* [WORK TO COMPLETE]:
Only the lines from the top of the records below through the line containing "老师在指导学生创作马年剪纸作品。通讯员 程学虎 摄" should be printed, exactly and without pictures.

* [SOURCE INFORMATION]:

::::::::::

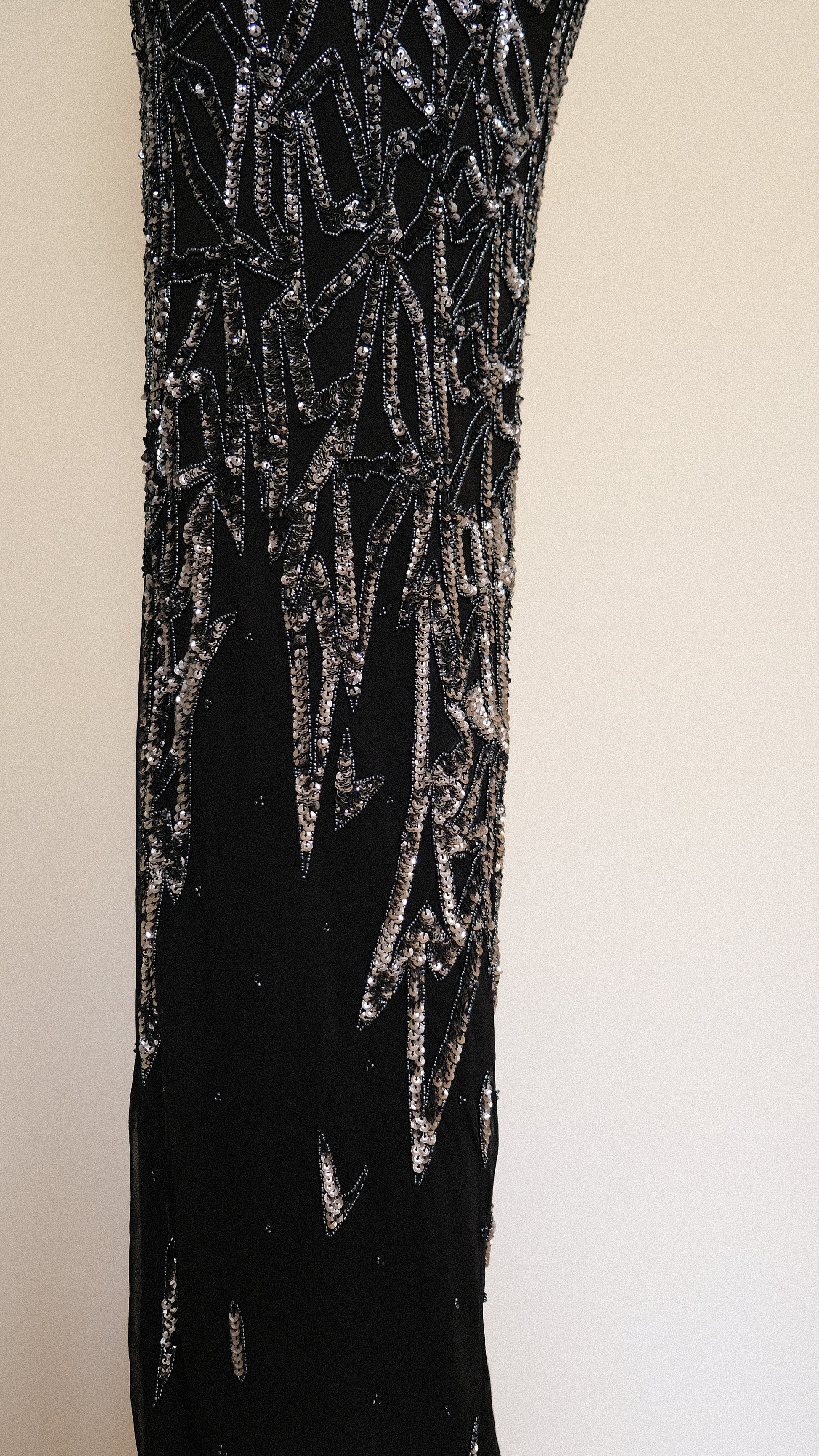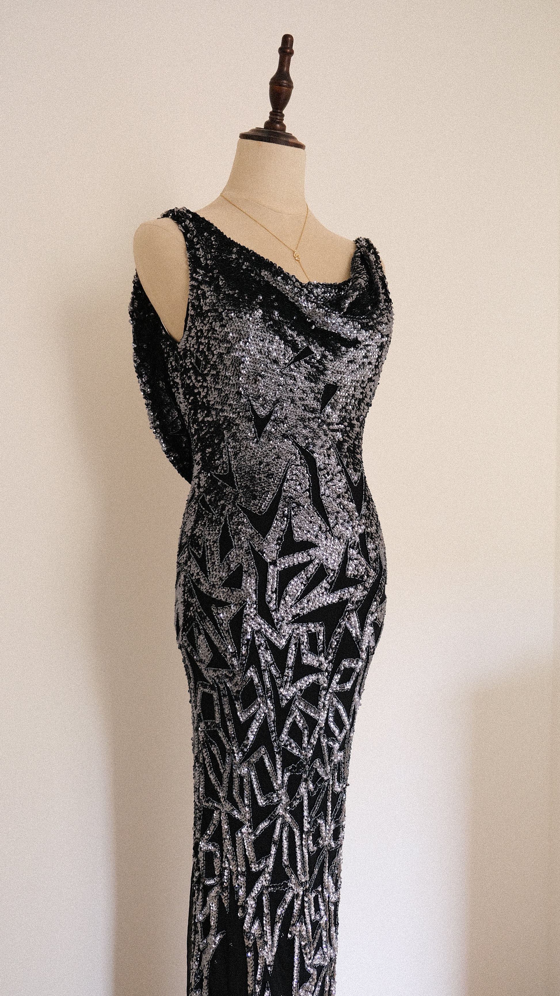 A 100% silk dress dripping in celestial shimmer. She has a draped back detail for an even more magical look.
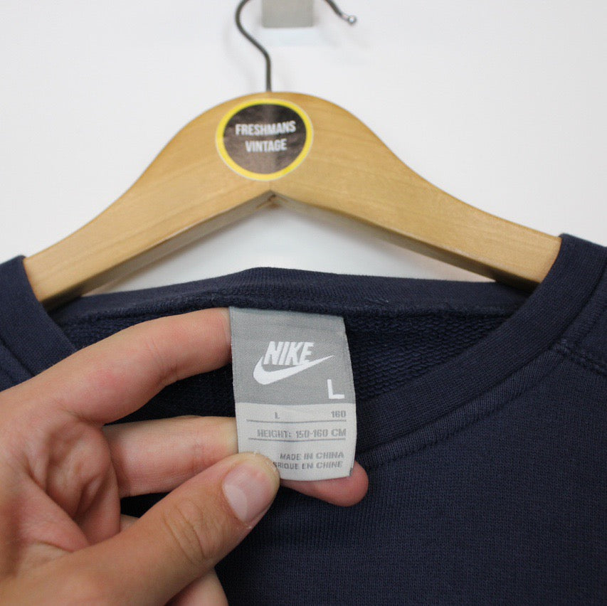 Vintage 00's Nike Navy Blue Central Swoosh Crew Neck Sweatshirt Jumper Size on label: Large Our recommended size: Small Pit to pit (inches): 20 Length (inches): 27 All products listed are vintage unless stated otherwise in the description. These items are pre-loved and pre-worn, resulting in small signs of wear and sometimes minor flaws. We think this adds to their unique authenticity, but if an item has any bigger flaws these will be stated. Please contact us if you have any further questions!
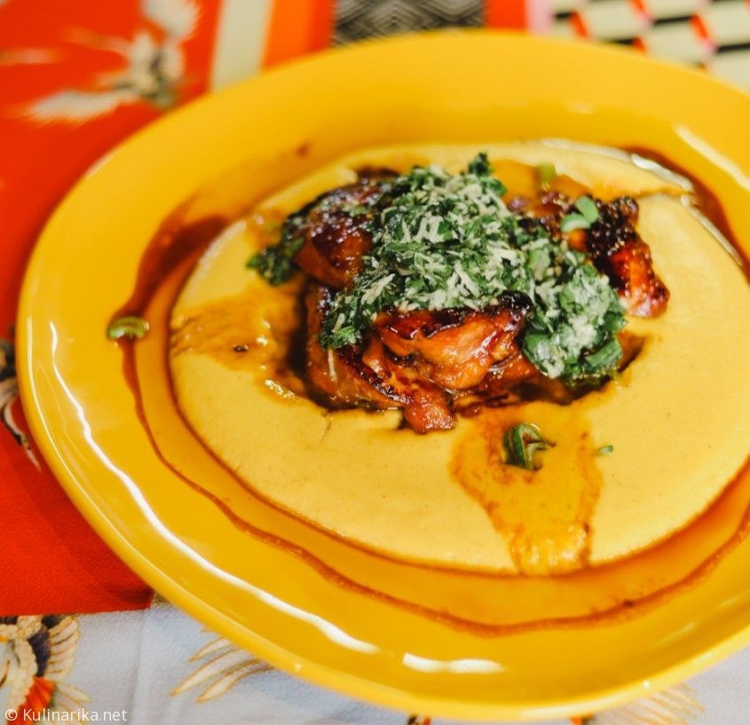 Na koncu pripravite še pesto. V posodico dajte narezana sveža selišča, olivno olje, pest naribanega parmezana, limonin sok, sol in poper. Vse skupaj strite in dobro premešajte. Na krožnik dajte najprej bučni pire, potem pa še stegno, omako in na vrh še pesto.
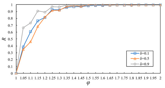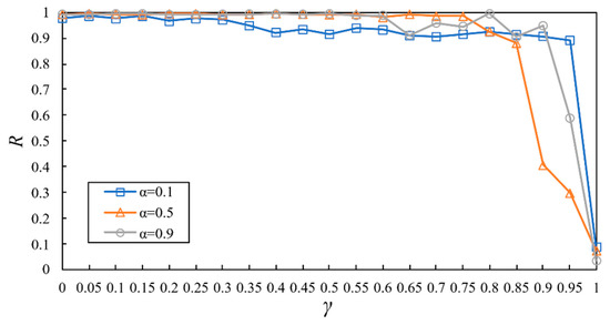 Next, we investigated the relationship between and with different values of in cyber-physical supply networks, and the results are presented in Figure 9. First, as changes from 0 to 1, the robustness of the whole network decreases. descends with the increase in . The reason is as follows: One firm’s failure can cause losses to its upstream and downstream firms, resulting in further failures of these firms. The successive failures of firms are caused by loads being less than the lower bound. A smaller could make the network more robust to cascading failure. The higher the value of the lower bound, the greater the cascading size [14].
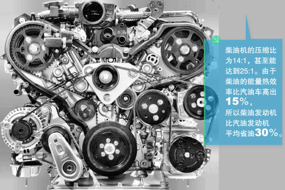而柴油機(jī)這方面具有先天的優(yōu)勢(shì),柴油機(jī)直接壓縮空氣,因此壓縮比可比汽油機(jī)高出許多。汽油機(jī)的壓縮比為8:1至12:1,而柴油機(jī)的壓縮比為14:1,甚至能達(dá)到25:1。由于柴油機(jī)具有更高的壓縮比,因此效率也更高也不是一般的省油,由于柴油的能量熱效率比汽油車(chē)高出15%,所以柴油發(fā)動(dòng)機(jī)比汽油發(fā)動(dòng)機(jī)平均省油30%。
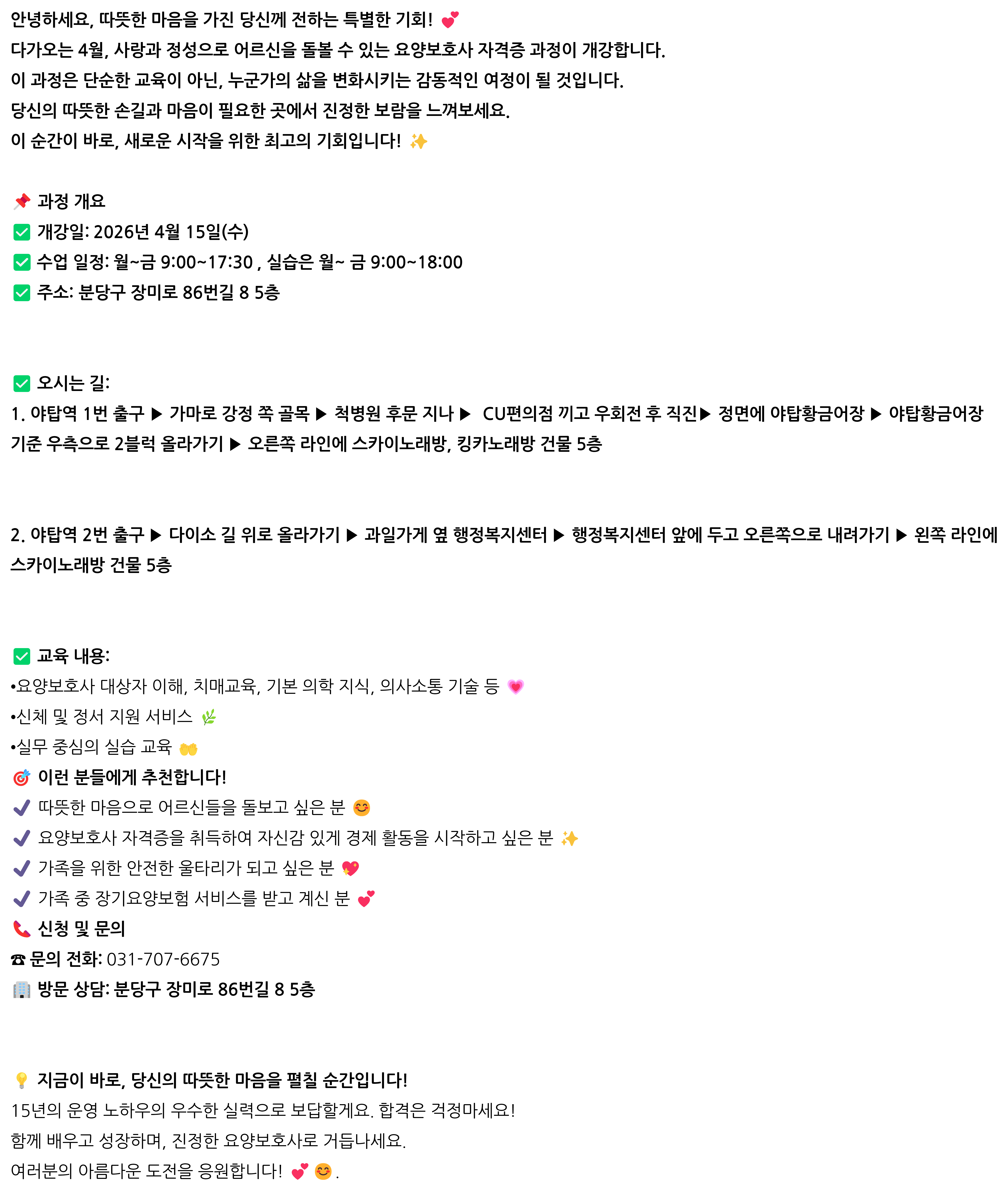 [2026년 4월 개강] 당신의 따뜻한 마음이 필요한 순간! 요양보호사 자격증 과정 모집 안내
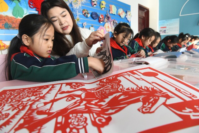 老师在指导学生创作马年剪纸作品。通讯员 程学虎 摄
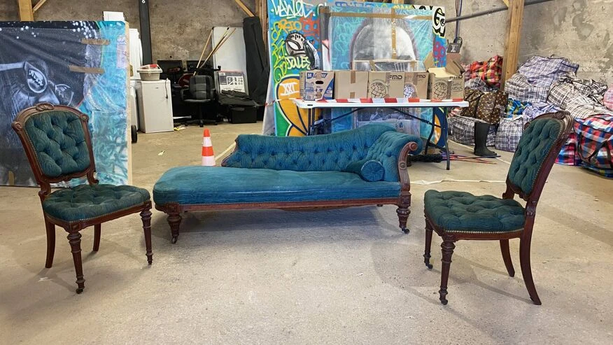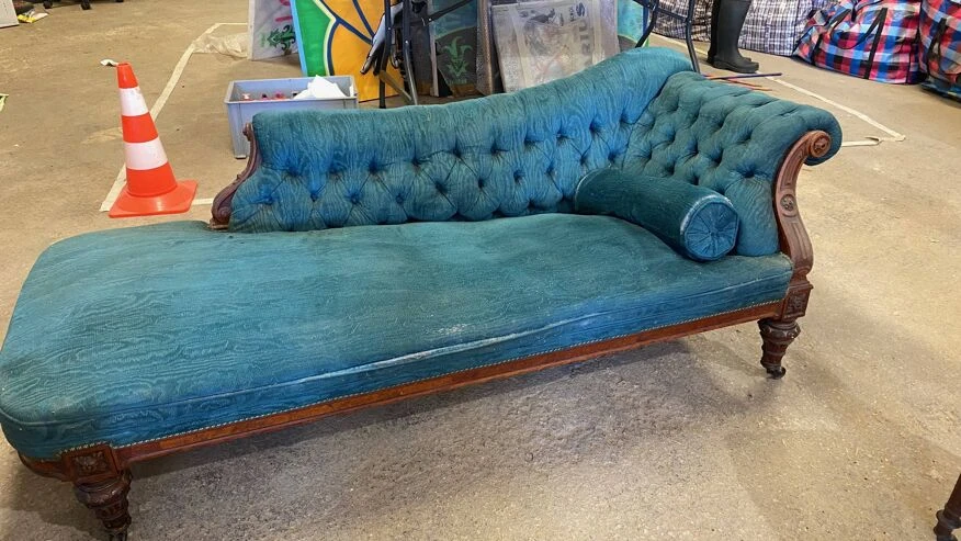 Chaise longue sofa with these 2 blue velvet colored chairs in good condition.
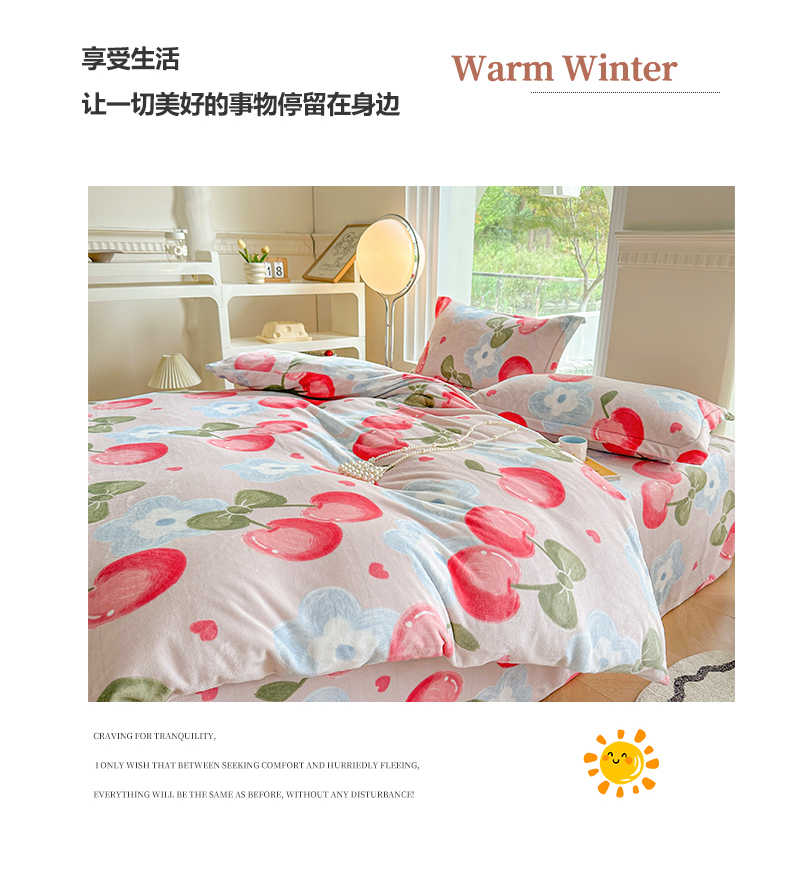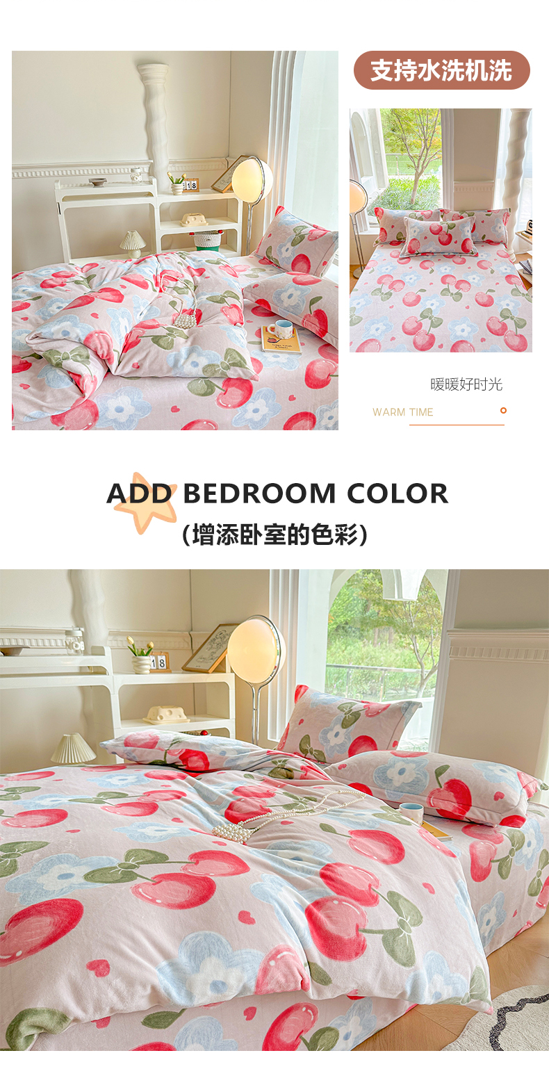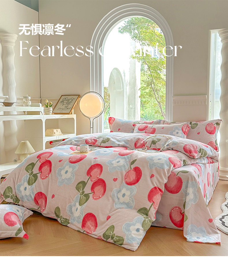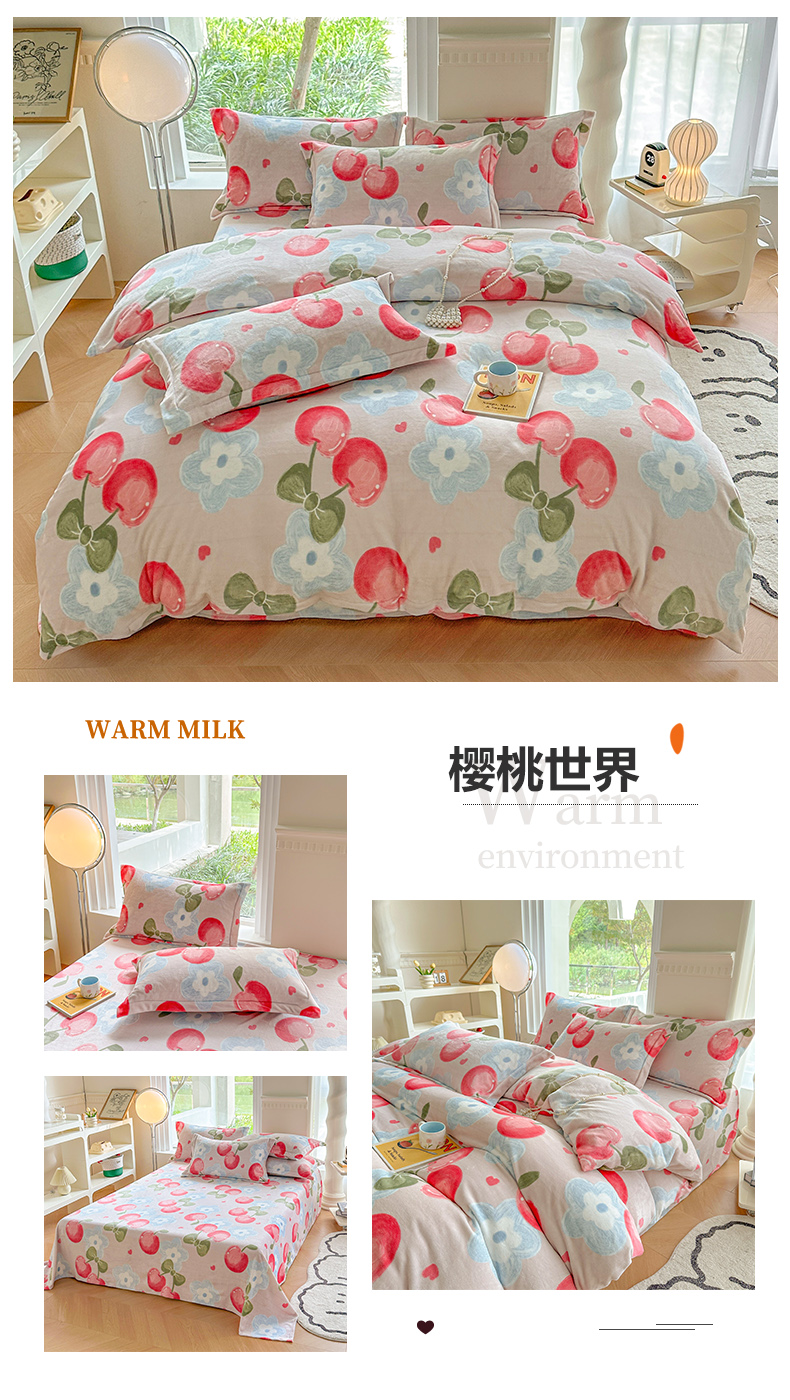商品名称:2024秋冬新款牛奶绒单被套 樱桃世界

::::::::::

* [SOLUTION FOR THIS TASK]:
 A 100% silk dress dripping in celestial shimmer. She has a draped back detail for an even more magical look.
 Vintage 00's Nike Navy Blue Central Swoosh Crew Neck Sweatshirt Jumper Size on label: Large Our recommended size: Small Pit to pit (inches): 20 Length (inches): 27 All products listed are vintage unless stated otherwise in the description. These items are pre-loved and pre-worn, resulting in small signs of wear and sometimes minor flaws. We think this adds to their unique authenticity, but if an item has any bigger flaws these will be stated. Please contact us if you have any further questions!
 Na koncu pripravite še pesto. V posodico dajte narezana sveža selišča, olivno olje, pest naribanega parmezana, limonin sok, sol in poper. Vse skupaj strite in dobro premešajte. Na krožnik dajte najprej bučni pire, potem pa še stegno, omako in na vrh še pesto.
 Next, we investigated the relationship between and with different values of in cyber-physical supply networks, and the results are presented in Figure 9. First, as changes from 0 to 1, the robustness of the whole network decreases. descends with the increase in . The reason is as follows: One firm’s failure can cause losses to its upstream and downstream firms, resulting in further failures of these firms. The successive failures of firms are caused by loads being less than the lower bound. A smaller could make the network more robust to cascading failure. The higher the value of the lower bound, the greater the cascading size [14].
而柴油機(jī)這方面具有先天的優(yōu)勢(shì),柴油機(jī)直接壓縮空氣,因此壓縮比可比汽油機(jī)高出許多。汽油機(jī)的壓縮比為8:1至12:1,而柴油機(jī)的壓縮比為14:1,甚至能達(dá)到25:1。由于柴油機(jī)具有更高的壓縮比,因此效率也更高也不是一般的省油,由于柴油的能量熱效率比汽油車(chē)高出15%,所以柴油發(fā)動(dòng)機(jī)比汽油發(fā)動(dòng)機(jī)平均省油30%。
 [2026년 4월 개강] 당신의 따뜻한 마음이 필요한 순간! 요양보호사 자격증 과정 모집 안내
 老师在指导学生创作马年剪纸作品。通讯员 程学虎 摄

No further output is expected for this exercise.